Over 900 million women infected with tuberculosis globally

27 Sep, 2005

Tuberculosis (TB) is the single biggest infectious killer of women, as over 900 million women, mainly between the ages of 15-44 years, are infected with TB world-wide, out of whom one million will die and 2.5 million will get sick this year.
This was revealed by speakers in the 23rd International Conference on Tuberculosis and Lung Diseases, held with the theme of 'Stop TB-Lung health for All' here on Monday. Pakistan Anti-TB Association in collaboration with Pakistan TB Control Programme and Pakistan Chest Society organised the moot.
Principal, King Edward Medical College, Professor Dr Mumtaz Hasan was the chief guest at the inaugural session of the moot.
About 200 foreign delegates from 18 countries, besides 500 delegates from across the country, are participating in the moot, which was designed and developed for the Saarc countries that bears 40 percent of case load of TB patients of the world, said Chaudhry Muhammad Nawaz, chairman of the organising committee and President International Union Against Tuberculosis and Lung Diseases (IUATLD) Eastern Region.
Pakistan Anti-TB Association (PATA), an NGO started its functions in 1956, with donation of Rs 15,000 from Mohtarma Fatima Jinnah with only one treatment centre in Lahore.
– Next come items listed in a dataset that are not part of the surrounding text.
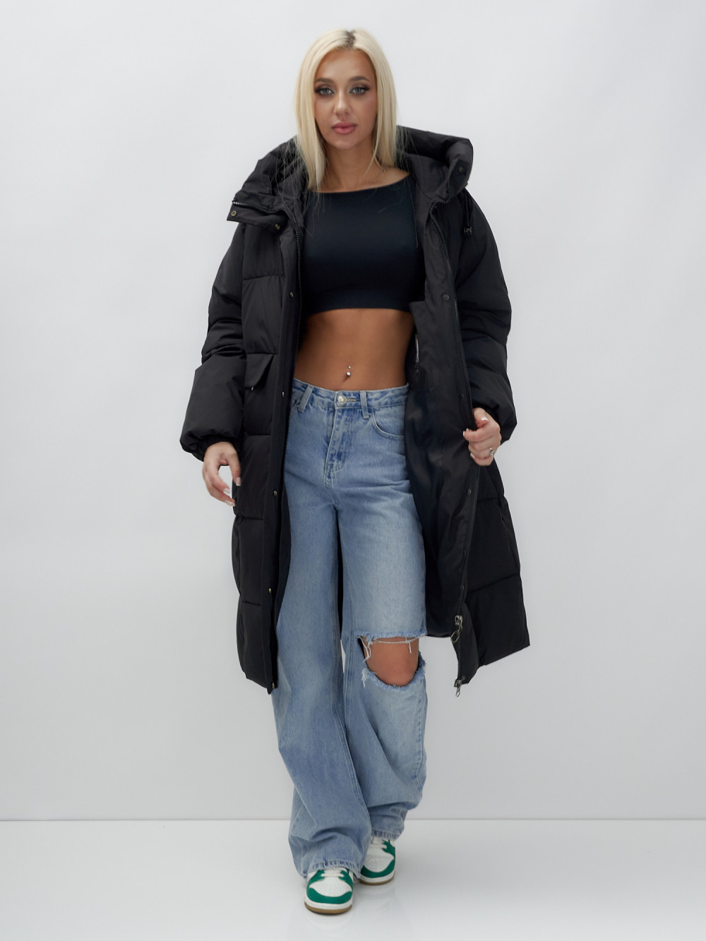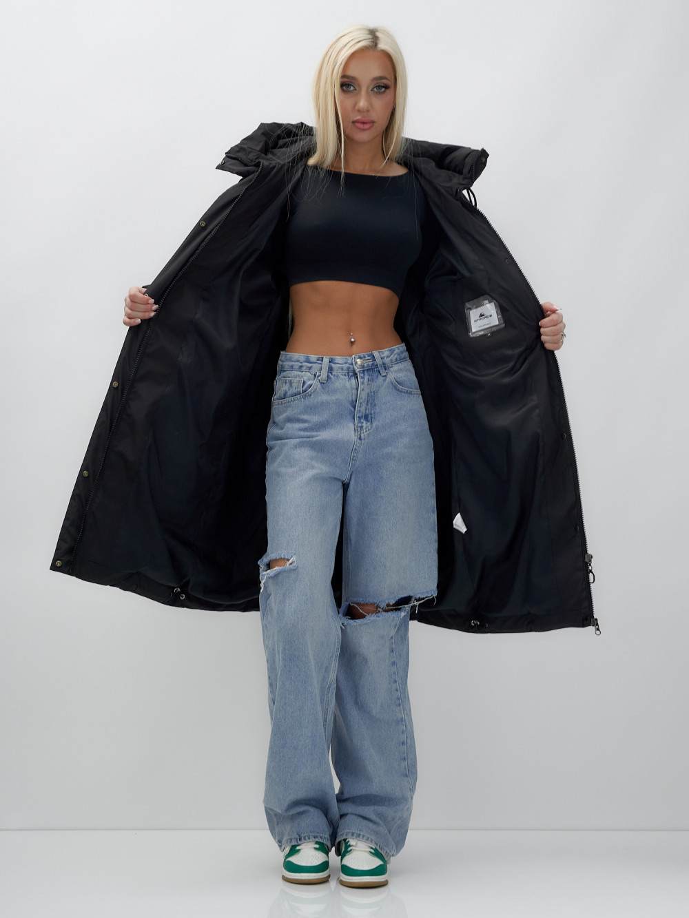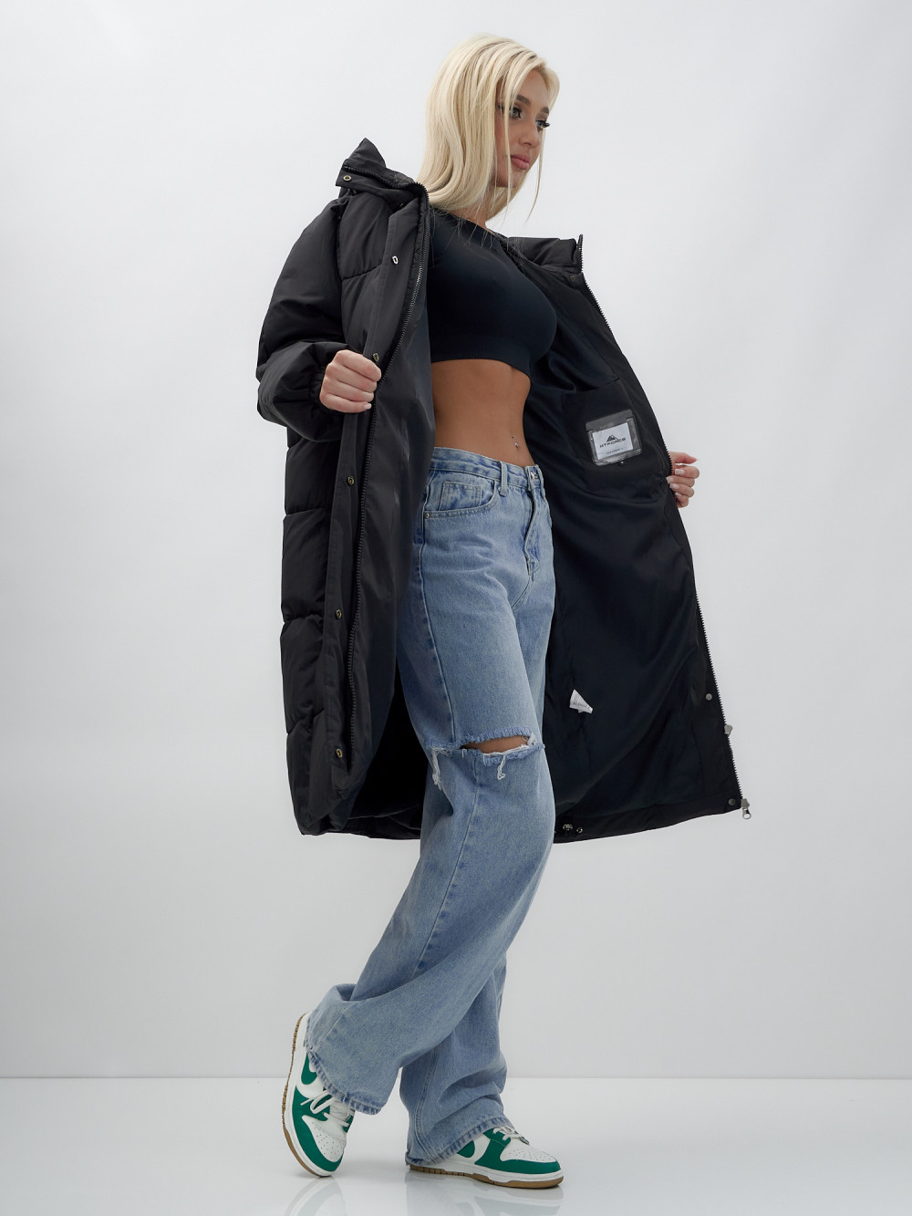 — Двойная молния: обеспечивает легкость застегивания и возможность регулировки объема, что делает пальто удобным в носке.
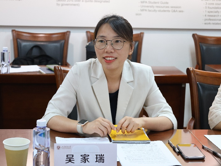 会议伊始,秦文佳书记代表学院致辞。秦书记对两家企业自我校资产评估硕士项目成立以来十余年的持续捐赠表达衷心的感谢。她表示,学院取得的一系列瞩目成就离不开爱心企业的鼎力支持。接着,她就学校人才培养和学生就业展开讨论,在如今AI等产业技术快速变革的背景下,财经类院校的人才培养和学生就业面临新的挑战和机遇,如何超前布局改革措施、培养未来储备人才、切实提高学生竞争力值得深入探讨。她介绍到,学校始终把握时代潮流,在主动服务国家战略、服务地方发展、推动双一流建设方面实施了一系列关键举措。最后,秦书记表示,希望未来校企双方加强合作,在创新人才培养项目上取得新的进展。
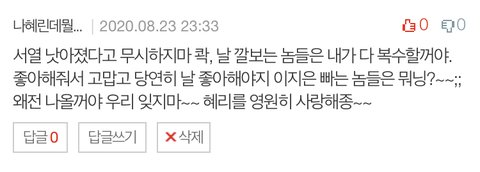 근데 정말 너네들이 엄청 많은 관심을 줘서 댓글 하나하나 다 보고 악플 보이면 반대 박고
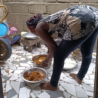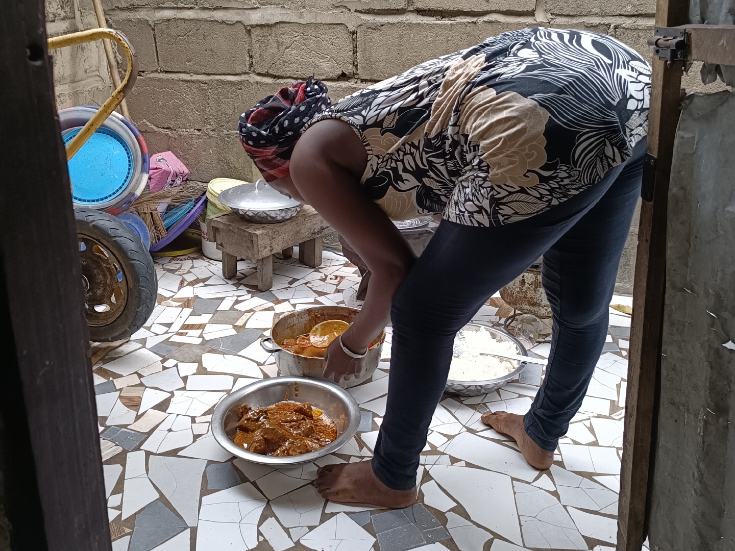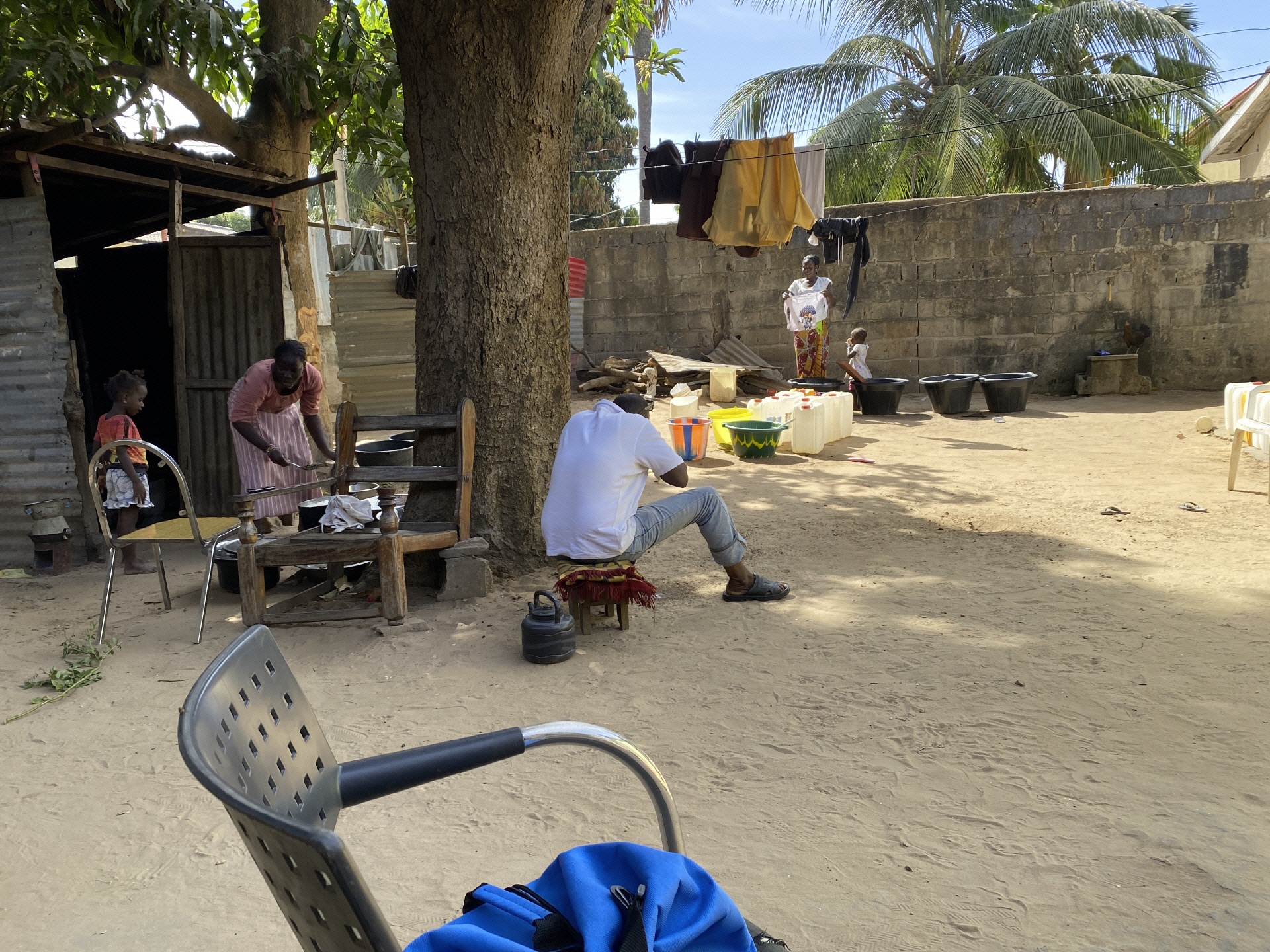Ousman Ceesay hatte uns alle für den Nachmittag um 14 Uhr zum Lunch eingeladen. Wir waren das erste Mal bei ihm daheim. Er wohnt in der Nähe des Serekundamarktes in seiner sehr großen Familie, und seit ein paar Wochen hat er ein eigenes Zimmer. Sein Vater hat drei Frauen und insgesamt 18 Kinder!

Today, the country has 84 diagnostic centres, the largest infrastructure in private sector. In these diagnostic centres, DOTS services are being provided to TB patients. PATA has proved itself to be strong partner of National TB Control Programme in the process of DOTS implementation, he added.
It is pertinent to mention that participation from Saarc countries in this moot remained encouraging, as 50 speakers and scholars are participating from Bangladesh, 15 from Nepal, and 10 from India which reflects the level of interest that civil society as well the governments are taking to combat this dreadful disease, he maintained.
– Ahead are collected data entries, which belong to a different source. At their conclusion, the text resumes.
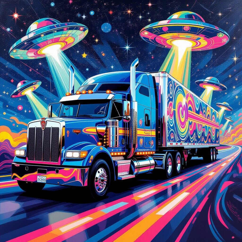 A surreal scene of a vibrant furry semi-truck driving on a paint road. Extraterrestrial UFOs fly above, all rendered in a psychedelic pop art style.
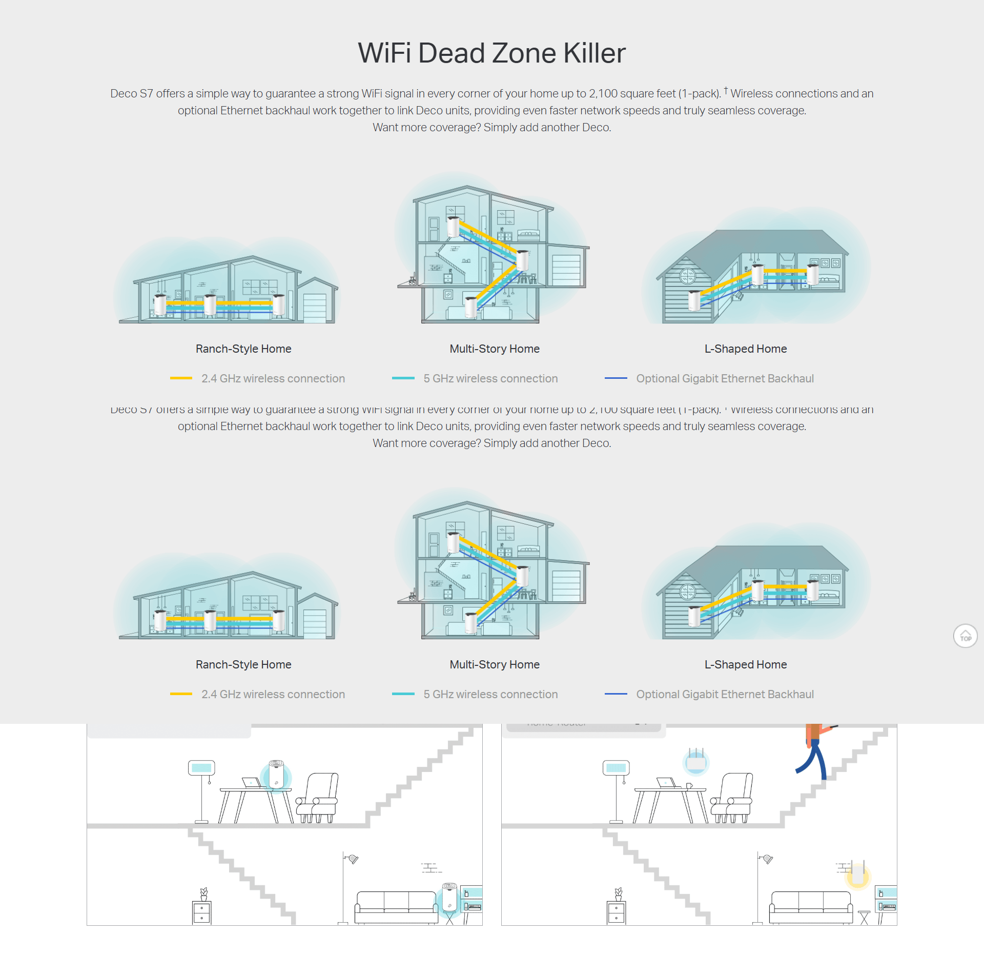 | Package Content | Deco S7 (3-pack) 3 Deco S7 Units 1 RJ45 Ethernet Cable 3 Power Adapters Quick Installation GuideDeco S7 (2-pack) 2 Deco S7 Units 1 RJ45 Ethernet Cable 2 Power Adapters Quick Installation GuideDeco S7 (1-pack) 1 Deco S7 Unit 1 RJ45 Ethernet Cable 1 Power Adapter Quick Installation Guide |
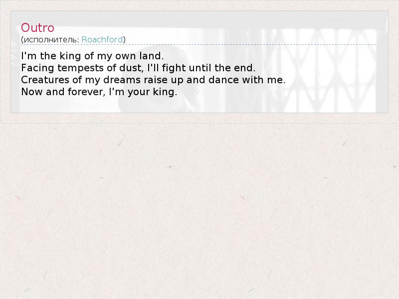 Я король на своей земле. И если встречусь с пыльной бурей, я буду сражаться до конца. Создания из моих снов восстают и танцуют со мной. Сейчас и навеки, я твой король.
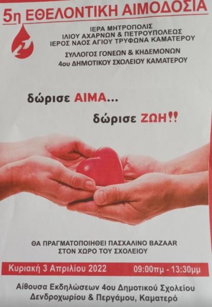 Η 5η ΕΘΕΛΟΝΤΙΚΗ ΑΙΜΟΔΟΣΙΑ διοργανώνεται την Κυριακή 3 Απριλίου 2022, από 9:00-13:30, με τη συμμετοχή του 4ου Δημοτικού Σχολείου Καματερού και της ενορίας του Αγίου Τρύφωνος Καματερού.
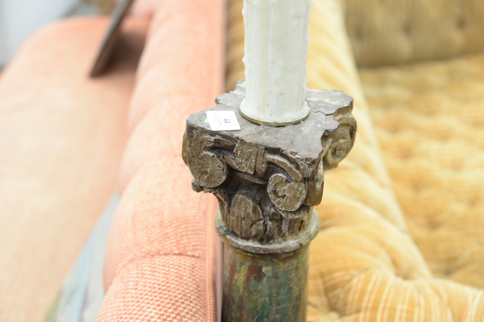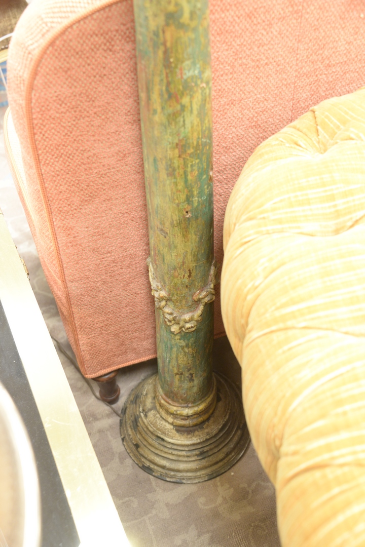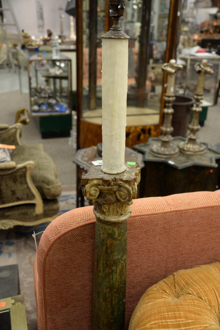 Continental Floor Lamp, carved and painted, in the form of a column, total height 60 inches.
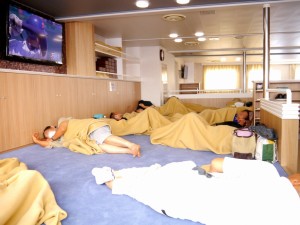 船内をまわってみたが、椅子席は既に空きがなく、座席 (床席)に寝ている人々の間にポツポツ隙間があったので、 とにかくそこに座ることにした。
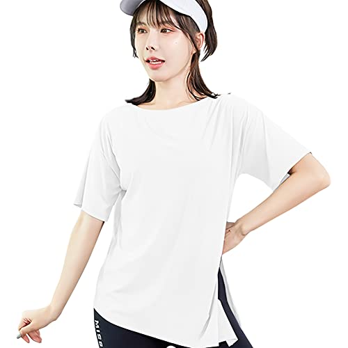 裾がアシンメトリーなTシャツはいかがでしょうか。本来はヨガ用なので、動きやすくて着心地抜群です。吸汗速乾で不快な張り付きもなく、常に快適な状態を保ちます。サイズは4種、カラーは4色から選べます。
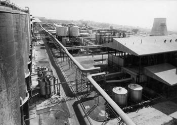 Fria, usine de Kimbo (Guinée) – Décomposeurs, bacs à liqueur, évaporateurs : vue d'ensemble

Addressing the conference, the speakers revealed that TB accounts for 9-percent of deaths among women between the ages of 15 and 44 years compared with war, which accounts for 4 percent, HIV and heart diseases 3-percent each. 'Women of reproductive age are more susceptible to sickness once infected with TB. Women in this age group are also at greater risk of developing HIV infection.
TB kills more women than any single cause of maternal mortality and in some parts of the world, the stigma attached to TB leads to isolation, abandonment and divorce of women', they added.
DOTS (Directly Observed Treatment, Short Course) are the WHO recommended strategy for the detection and cure of TB that combines five elements: political commitment, microscopy services, drugs supplies, monitoring system and direct observations of treatment.
DOTS can add years of life to an HIV-positive person and TB drug treatment can be as effective in curing TB in HIV-positive as in HIV-negative TB patients. If WHO targets to detect 70 percent and cure 85 percent of TB cases are met by 2010, at least one-quarter of TB cases and one quarter of TB deaths could be prevented in the next two decade, they added.
Manager, National TB Control Programme, Dr Syed Karam Shah, IUATLD Executive Director Dr Nils E. Billo, Professor Dr Shamshad Rasool Awan and Kunwar M. Idrees Khan also spoke on this occasion.